Каллиграфия всегда была свободна и никогда никто не встревался в ее волшебное царство, где буквы и украшения букв: люди, звери, демоны, чудовища, деревья, цветы и трава — ткутся паутиной росчерков, линий, штрихов и завитушек.

Начертание слов может быть понятно и непонятно, можно иметь неразборчивый почерк или ясный и отчетливый, можно писать ровно и твердо или «куроляпкой» и стесняться своего почерка но это никаким боком к искусству писать буквы, слова, фразы, и как расположить их на странице.

У китайцев каждое произведение требует своего особого буквенного расположения — в «как, на чем и чем» написано есть зрительный ключ для чтения, «мелодия»; китайская рукопись, черной ли тушью на бумаге или золотом на шелку, всегда звучащая — и немых строчек, как в нашем однообразно написанном, не отличающим сказки Толстого и разысканий Веселовского, не может быть. А разберет ли кто этот китайский ключ или останется загадкой, для автора, он же и писец, безразлично: начертание неразрывно с формой произведения.

Арабские и персидские чистописцы, о мастерстве которых сложены стихи, а имена вошли в сказку — как не вспомнить того несравненного мастера из «Тысячи и одной ночи», подделал письмо самого доброго человека на земле и искусного писца Яхьи-ибн-Халида к его врагу Абд-Аллах-ибн-Малику-аль-Хусан, и тем примирил их! — арабские писцы в своем искусстве были далеки от искусства «наживы».

И наши книгописцы — все эти Леониды и Иосифы, «влодычные ребята», и дьякон Григорий и дьяк Иоанн и поп Алекса и княжна Ефросиния Полоцкая, никакой «утилитарной» цели не преследовали: уставное письмо без перерыва между словами — слитной строкой и без знаков; скоропись с надстрочными и подстрочными буквами при разнообразии и никогда не одинаковой величине букв и как в «уставе», без перерыва; и, наконец, «вязь» — слово из сплетения, вплетения и разветвления букв — рука не поднялась бы написать буквы, чтобы слово вышло непременно для кого-то понятно — для какого-то среднего глаза, нет, писалось так, как писалось и иначе не могло написаться, подчиняясь лишь какому-то начертательному закону развития самой линии, составляющей букву.

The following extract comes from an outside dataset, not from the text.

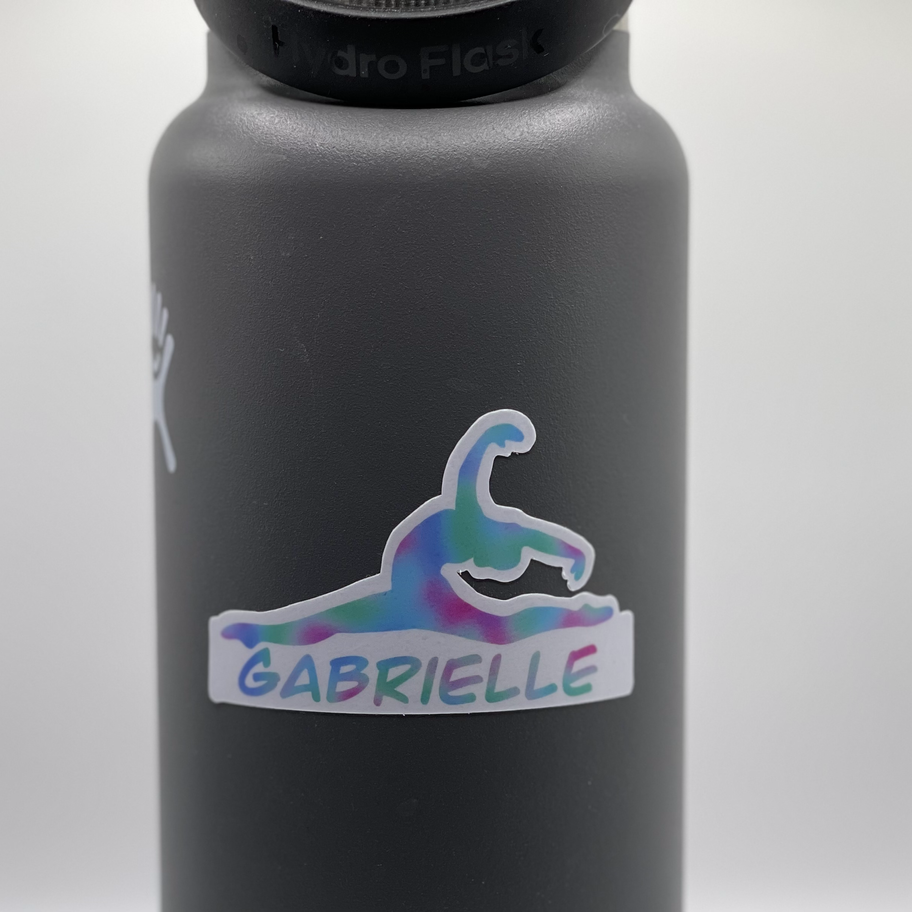 Colorful Silhouette of a gymnast doing a beautiful leap with your personalized name underneath. Please give us your name or short phrase and we will personalize the sticker! Great idea for gymnastic team gifts!! Show your team spirit with vinyl stickers to go on your water bottle, laptop, locker, or any other smooth surface! Sticker is topped with laminate for protection and water resistance.

Сколько голов, столько и почерков, а искусство — каллиграфия — одно.

КУРОЛЯПКА

О свободном искусстве каллиграфии я стал знать со вступительного экзамена в гимназию — с первой написанной под диктовку строчки «коровы и лошади едят траву» или как у меня написалось —

«каровы и лошоди идят траву»

причем, несмотря на линейки, хвост строчки, начиная с «ди» (лошади), спустился за линейку, и вся строчка изобразила лошадь; голова же строчки с рогатым «к» (коровы) имела подобие — коровье.